Our findings are consistent with a recent analysis from the US Military HIV Natural History Study (n = 607), which found that obesity (BMI, ≥30 kg/m2) was associated with a significantly lower adjusted gain in CD4+ lymphocytes after ART (−34 cells/μL; P = .01) compared with findings in normal-weight patients (BMI, 20–24.9 kg/m2) [12]. However, the cohort was composed of military recruits (mean age, 29 years; 96% male; 8% obese), and the results may not be representative of women and older, less fit populations. In contrast to an analysis of the HIV Outpatient Study cohort (n = 711), which found that being overweight or obese (BMI, ≥25.0 kg/m2) was not associated with a higher likelihood of exceeding a 100 cells/μL threshold CD4+ lymphocyte increase at 3–9 months after ART initiation, compared with findings in normal-weight controls (BMI, 18.5–24.9 kg/m2), we observed a higher likelihood of reaching a CD4+ lymphocyte threshold of 350 cells/μL among patients with a BMI of ∼25 kg/m2 and a pretreatment CD4+ lymphocyte count <200 cells/μL [11]. These discrepancies may be due to different analysis methods; prior studies treated CD4+ lymphocyte count as a stratified variable, and we treated it as a continuous variable.
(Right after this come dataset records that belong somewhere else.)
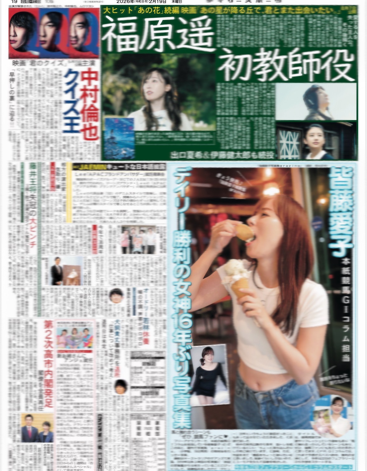 ★掲載内容:SMILE-UP.,STARTO,King&Prince,永瀬廉,高橋海人,皆藤愛子,福原遥,中村倫也,神木隆之介,ムロツヨシ,ミラノ・コルティナ五輪,中井亜美,高木美帆,野明花菜,佐藤綾乃,笑福亭鶴瓶,立石正広
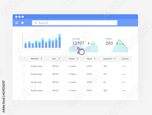 Seller Dashboard - Marketplace Inventory Management concept. Seller interface of e-commerce online store with number of accepted orders and earning money
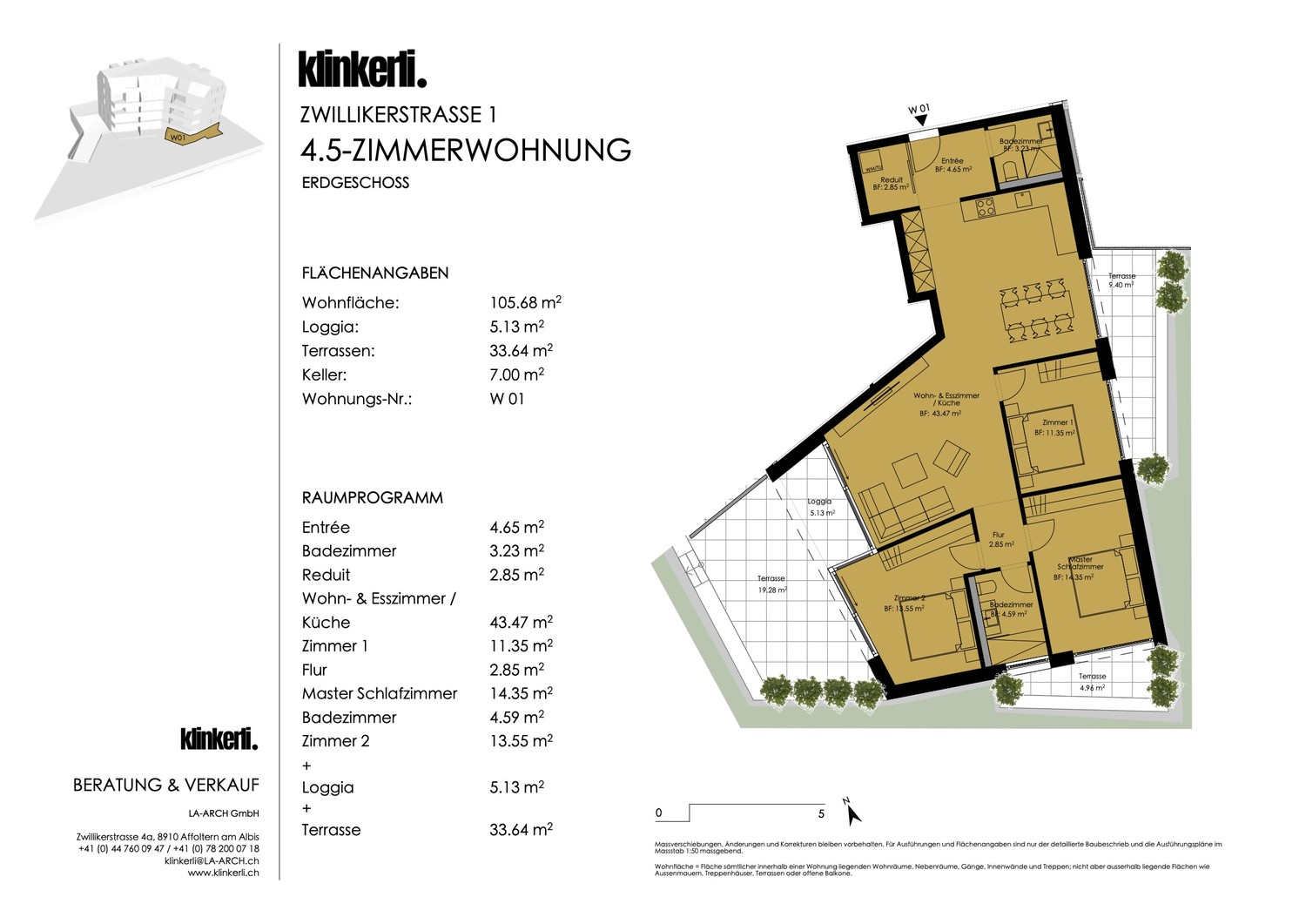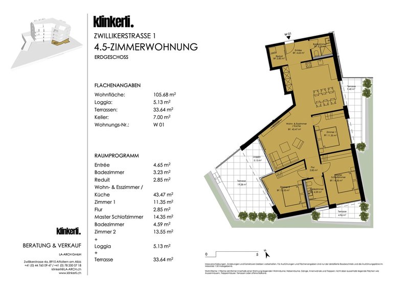 Das neue Wohnprojekt klinkerli bietet Ihnen eine hervorragende, zentrale Lage mitten in Affoltern am Albis, mit bester Anbindung an Einkaufsmöglichkeiten, die S-Bahn sowie sämtliche Schulen – alles befindet sich in unmittelbarer Nähe. Die Architektur des Hauses schafft eine ruhige, private Atmosphäre, so dass Sie trotz der zentralen Lage inmitten von Affoltern eine geschützte Wohnumgebung geniessen können. Die 12 Wohneinheiten in verschiedenen Grössen überzeugen mit durchdachter Architektur und erstklassigen Annehmlichkeiten; von Smart Home System über eine Photovoltaikanlage bis hin zur modernen Raumbelüftung – hier bleiben keine Wünsche offen.
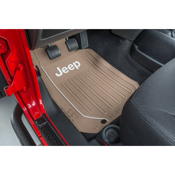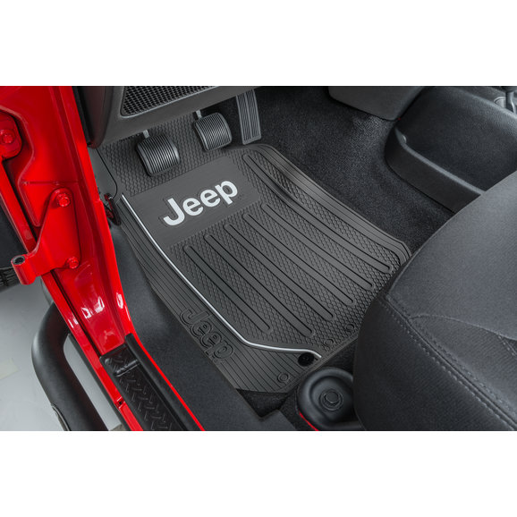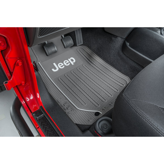 Protect the carpets in your Jeep with these universal fit floor liners from Pasticolor. The Elite Front Floor Mats were designed to fit any Jeep with only minor modification. There are molded portions of the mat that can be cut out to accommodate carpet retention hooks or different floor board configurations. They feature Officially Licensed Jeep® logos that are molded into the PVC vinyl for a long lasting fade-free mat.
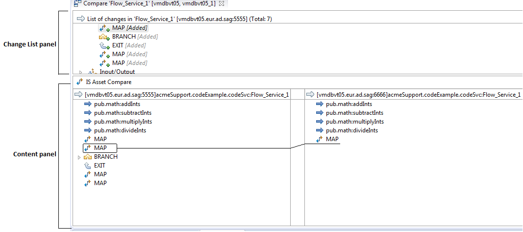 You can open the compare editor using the Compare Element(s) With command available when you right click on an element in the Package Navigator view. If you select one element in the tree, you can compare it with an identically named element on a different Integration Server. You can also select two elements of the same type on the same server or different servers and compare them with each other. Designer shows the differences between the two items that you select in a compare editor as shown in the following example:
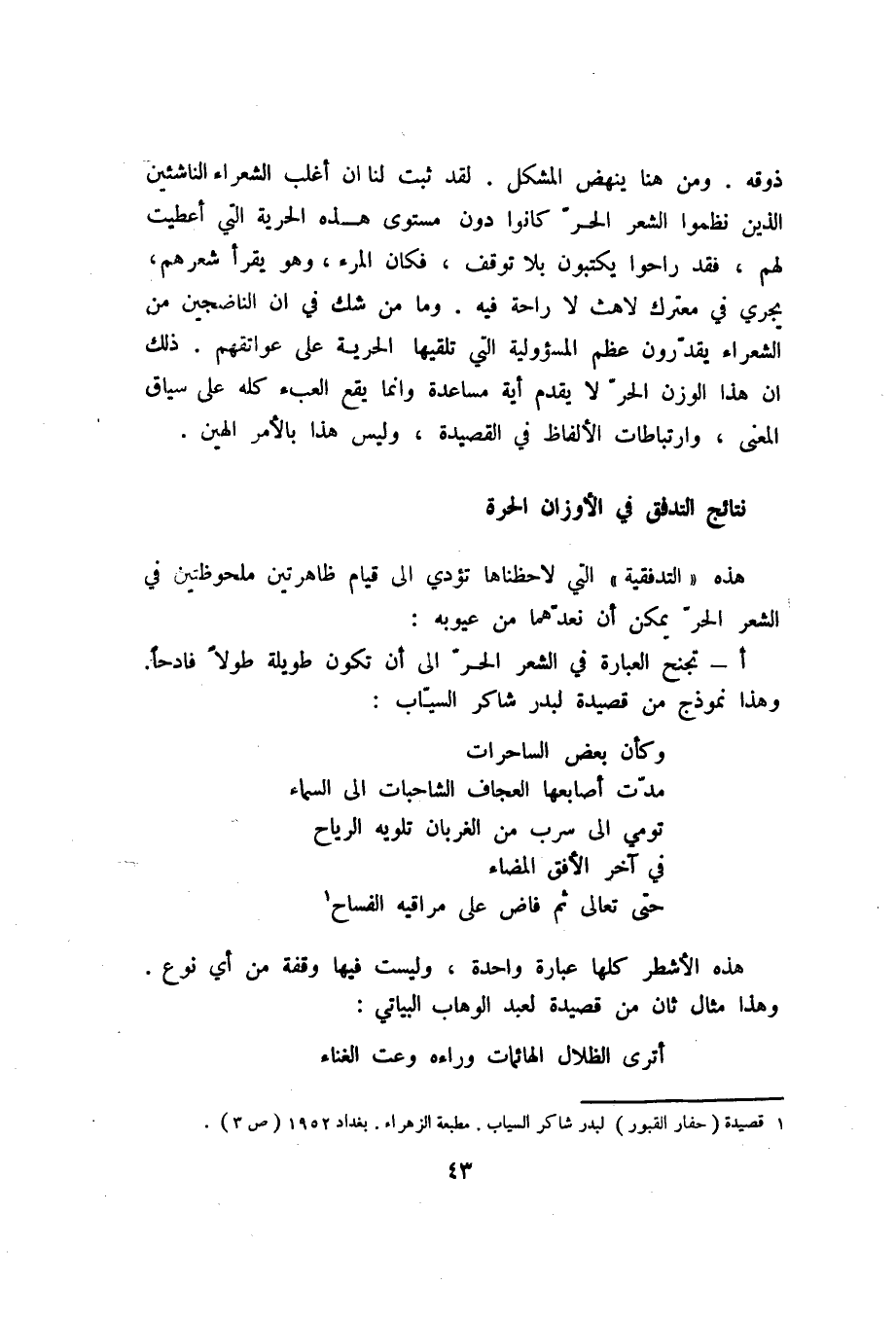 ذوقه. ومن هنا ينهض المشكل. لقد ثبت لنا أن أغلب الشعراء الناشئين الذي نظموا الشعر الحر كانوا دون مستوى هذه الحرية التي أعطيت لهم، فقد راحوا يكتبون بلا توقف، فكان المرء، وهو يقرأ شعرهم يجري في معترك لاهث لا راحة فيه. وما من شك في أن الناضجين من الشعراء يقدرون عظم المسئولية التي تلقيها الحرية على عواتقهم. ذلك أن هذا الوزن الحر لا يقدم أية مساعدة وإنما يقع العبء كله على سياق المعنى، وارتباطات الألفاظ في القصيدة، وليس هذا بالأمر الهين.
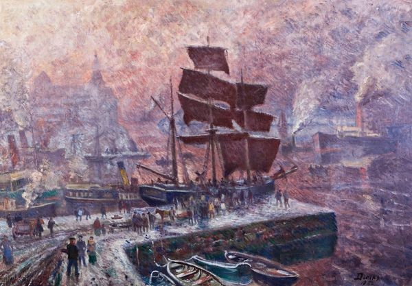 Editor: This is Claude Monet's "Boats on Repair," painted in 1873, rendered in oil. The mood seems almost industrial, with the focus on labor and the worn surfaces of the vessels. What strikes you most about it? Curator: Well, it’s fascinating how Monet highlights the material reality of shipbuilding and repair. Consider the chipped paint, the visible brushstrokes implying texture—it’s a world away from idealizing maritime grandeur. Think of the laborers too – are they part of the "machine" or actively resisting their own exploitation through acts of everyday labor? Editor: That's a perspective I hadn't considered. I was focused on the pure aesthetic qualities and the composition, but the painting seems to focus our attention on the work that maintains the ships, and what role this art plays in showing that labor. Curator: Exactly. And it challenges the traditional art hierarchy. Landscape paintings were acceptable but typically ignored the hands of the worker. Monet's deliberate inclusion disrupts this by illustrating the materiality of labor that supports the maritime economy. It also questions what it means to make "fine art" out of scenes of working people. Editor: So it's not just about boats; it's a commentary on production, the tools of that production, and even consumption in some sense. Curator: Precisely. What does it mean to buy a product of labour from the working class when you ignore what went into that "product"? Editor: It makes me see Impressionism in a completely different light – beyond just capturing light and atmosphere. Thank you. Curator: Indeed, understanding art through the lens of materials and labor helps us unpack so much about the society that produced it, not just the aesthetic sensibilities.
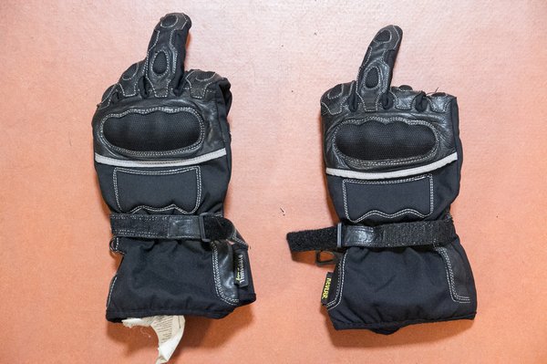 A kesztyűről már akkor sem gondoltam, hogy jó, amikor először beledugtam a kezem, és azóta ez az érzés csak erősödött. Olyan, mintha a vegyészek megvizsgálták volna, melyik anyag az ember számára a legkellemetlenebb, és ebből készítettek volna egy kesztyűt. Fázni nem fázik benne a kezem. Ellenben nem is szellőzik, semennyit. Minden motorozás után rosszul voltam a saját kézszagomtól. Ezt később orvosoltam egy hálós kesztyűvel, így már csak elenyésző alkalommal kellett használnom ezt a húgyszagú nájlonzacskót. Ja, és ráadásul egy év használat után az ujjaimra ragadt a műanyag kesztyű műanyag belseje, és minden levételkor ki is fordult, visszarakni viszont szinte lehetetlen volt.
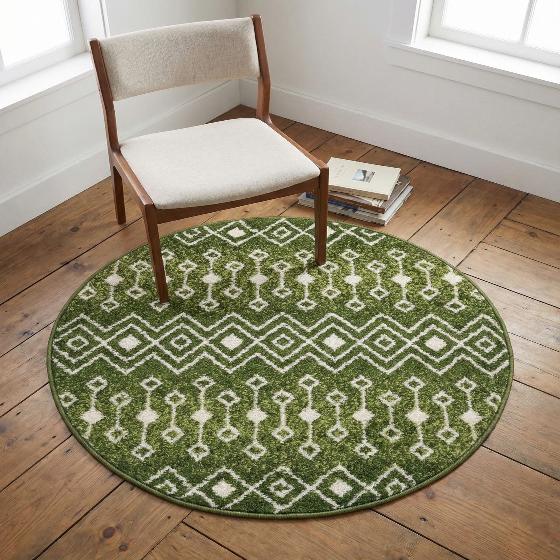 A round rug with a Moroccan-inspired trellis motif, this piece pairs ivory geometric diamonds and vertical lozenge shapes with a rich green ground for a balanced, patterned look. The repeating design creates visual movement while keeping a clean, ordered feel. Machine-made polypropylene construction produces a low, slightly cushioned pile with a soft hand and well-defined pattern contrast where the ivory motifs meet the green background.

It is unclear whether the varying 12-month CD4+ lymphocyte recovery observed in our cohort reflects an immunomodulatory effect of specific tissue stores (eg, adipose tissue) or whether individuals with high or low BMIs are more likely to have other health conditions or physiologic derangements that impair peripheral CD4+ lymphocyte repopulation. Undernutrition is associated with suppression of the antigen-specific arms of the immune system, decreased T-lymphocyte proliferation, and atrophy of the lymph tissues, but many of these data are from children and the relevance to immune recovery on ART is unclear [2326]. A higher plasma HIV-1 RNA level in the lower BMI strata of our cohort probably contributed to the longer interval before virologic suppression (median, 89 days for BMIs <20 kg/m2 vs 71 days for 20.0–24.9 kg/m2), and some evidence suggests that higher HIV-1 RNA levels may promote increased cellular immune activation and altered CD4+ lymphocyte recovery kinetics, although findings of other studies differ on this association [2729].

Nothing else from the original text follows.